INSTRUCTIONS TO FOLLOW: Give back the whole listing verbatim, printing none of its pictures.

MATERIAL SHOWN:

"""

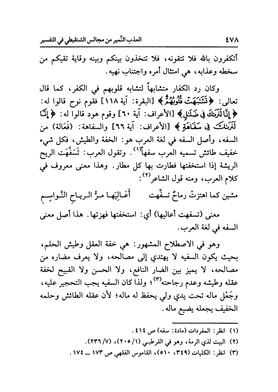 (¬١) انظر: المفردات (مادة: سفه) ص٤١٤.
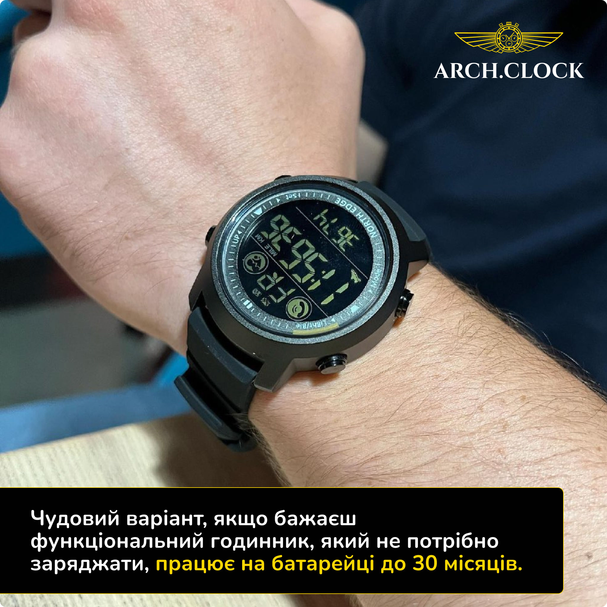 Чудовий варіант, якщо бажаєш функціональний годинник, який не потрібно заряджати, працює на батарейці до 30 місяців.
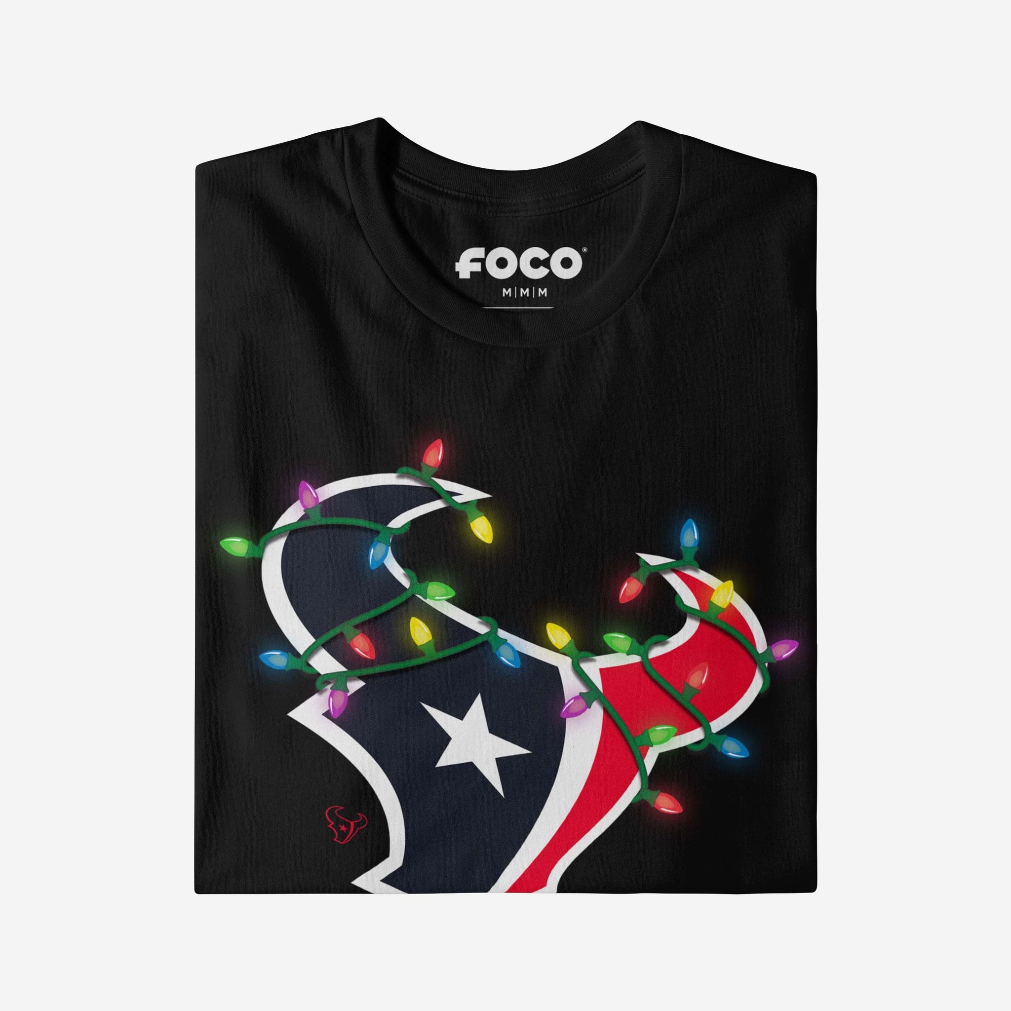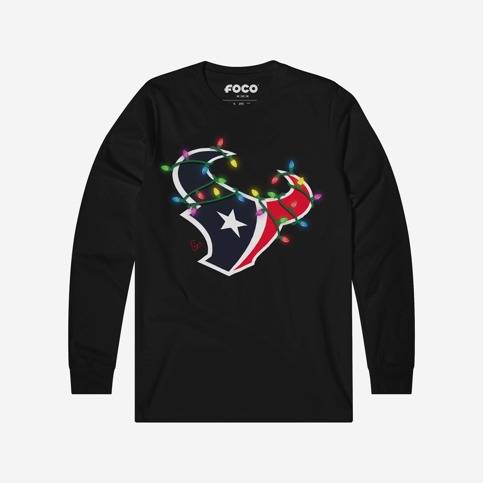 Houston Texans Primary Logo Holiday Lights Long Sleeve T-Shirt FOCO Black S - FOCO.com
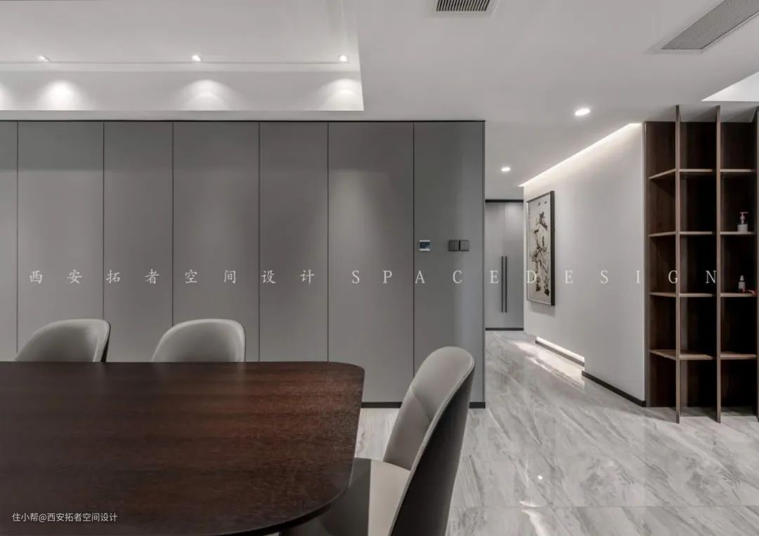 餐厅是餐桌+岛台一体化的设计,对于空间的利用会更加细致,也能让餐桌与岛台的质感统一,让空间风格更加和谐大气,再搭配通顶玻璃门,使空间显得特别宽敞明亮。
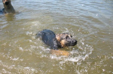 Ir didingas šuo plaukti moka.
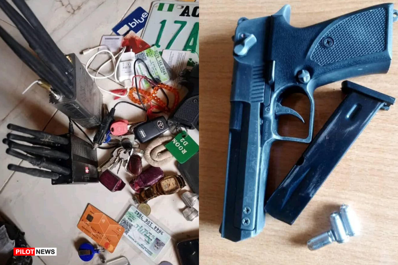 He said items recovered from them were a Toyota Hilux, a Beretta Pistol, three live ammunition, Two Anti-trackers, Five Handsets, Foreign Currency, and others.
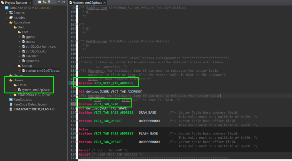 Relocating ISRs are not that common, but might be useful under specific needs, typically high-speed applications. In these cases, we can move the IRQ Handler to run from RAM
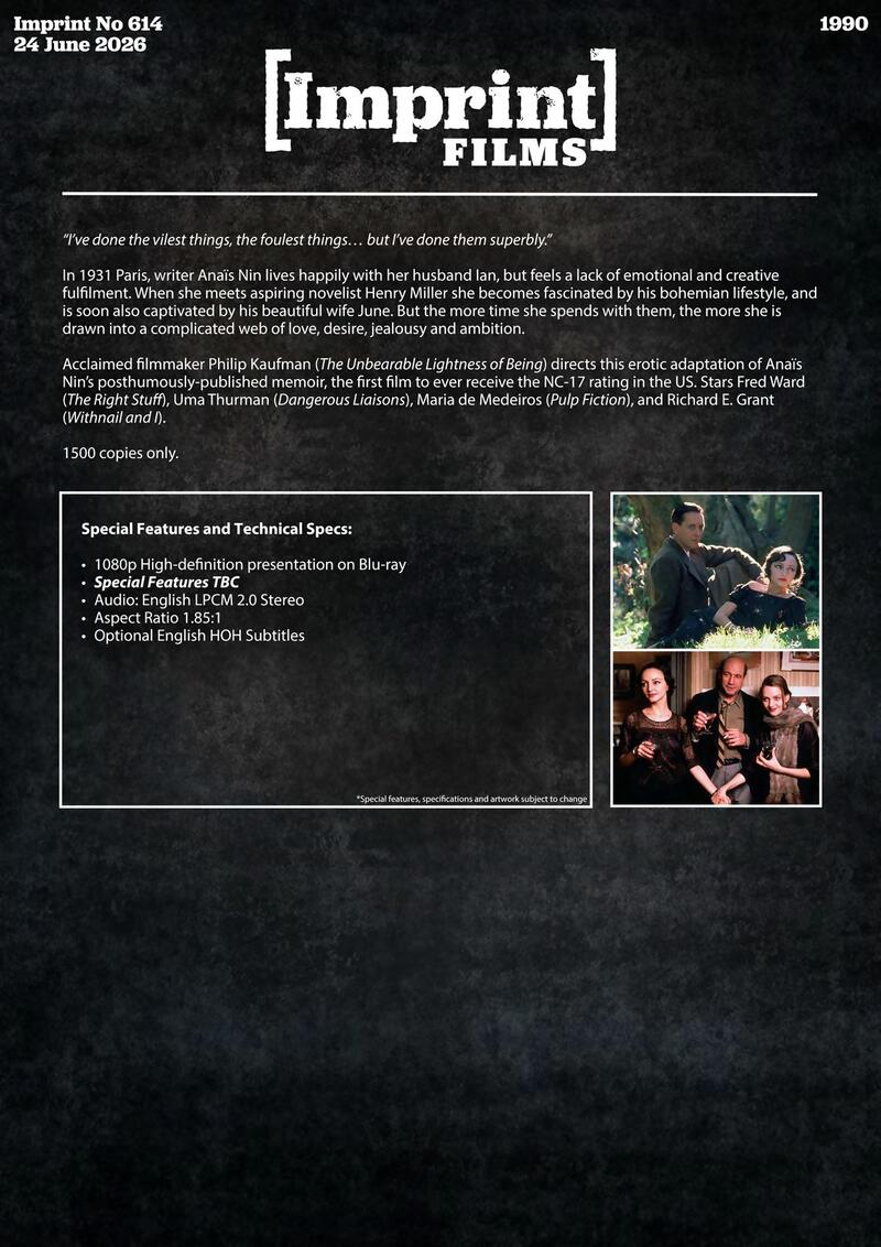 Acclaimed filmmaker Philip Kaufman (The Unbearable Lightness of Being) directs this erotic adaptation of Anaïs Nin's posthumously-published memoir, the first film to ever receive the NC-17 rating in the US. Stars Fred Ward (The Right Stuff), Uma Thurman (Dangerous Liaisons), Maria de Medeiros (Pulp Fiction), and Richard E. Grant (Withnail and I).
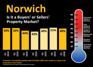 Understanding whether the current property market favours buyers or sellers is key to making the right call. If you follow my regular Norwich property market updates, you will know one of the most dependable ways to assess the property market is by observing the percentage of homes marked as “Sold STC” or “Under Offer” compared to the total number of properties on the market.
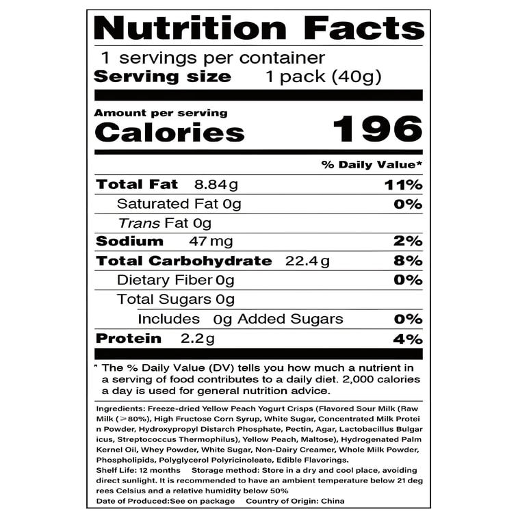 Probiotic Freeze-Dried Yogurt Bites Yellow Peach Flavor Healthy Snack 40g Bag

"""

WRITTEN RESPONSE:
 (¬١) انظر: المفردات (مادة: سفه) ص٤١٤.
 Чудовий варіант, якщо бажаєш функціональний годинник, який не потрібно заряджати, працює на батарейці до 30 місяців.
 Houston Texans Primary Logo Holiday Lights Long Sleeve T-Shirt FOCO Black S - FOCO.com
 餐厅是餐桌+岛台一体化的设计,对于空间的利用会更加细致,也能让餐桌与岛台的质感统一,让空间风格更加和谐大气,再搭配通顶玻璃门,使空间显得特别宽敞明亮。
 Ir didingas šuo plaukti moka.
 He said items recovered from them were a Toyota Hilux, a Beretta Pistol, three live ammunition, Two Anti-trackers, Five Handsets, Foreign Currency, and others.
 Relocating ISRs are not that common, but might be useful under specific needs, typically high-speed applications. In these cases, we can move the IRQ Handler to run from RAM
 Acclaimed filmmaker Philip Kaufman (The Unbearable Lightness of Being) directs this erotic adaptation of Anaïs Nin's posthumously-published memoir, the first film to ever receive the NC-17 rating in the US. Stars Fred Ward (The Right Stuff), Uma Thurman (Dangerous Liaisons), Maria de Medeiros (Pulp Fiction), and Richard E. Grant (Withnail and I).
 Understanding whether the current property market favours buyers or sellers is key to making the right call. If you follow my regular Norwich property market updates, you will know one of the most dependable ways to assess the property market is by observing the percentage of homes marked as “Sold STC” or “Under Offer” compared to the total number of properties on the market.
 Probiotic Freeze-Dried Yogurt Bites Yellow Peach Flavor Healthy Snack 40g Bag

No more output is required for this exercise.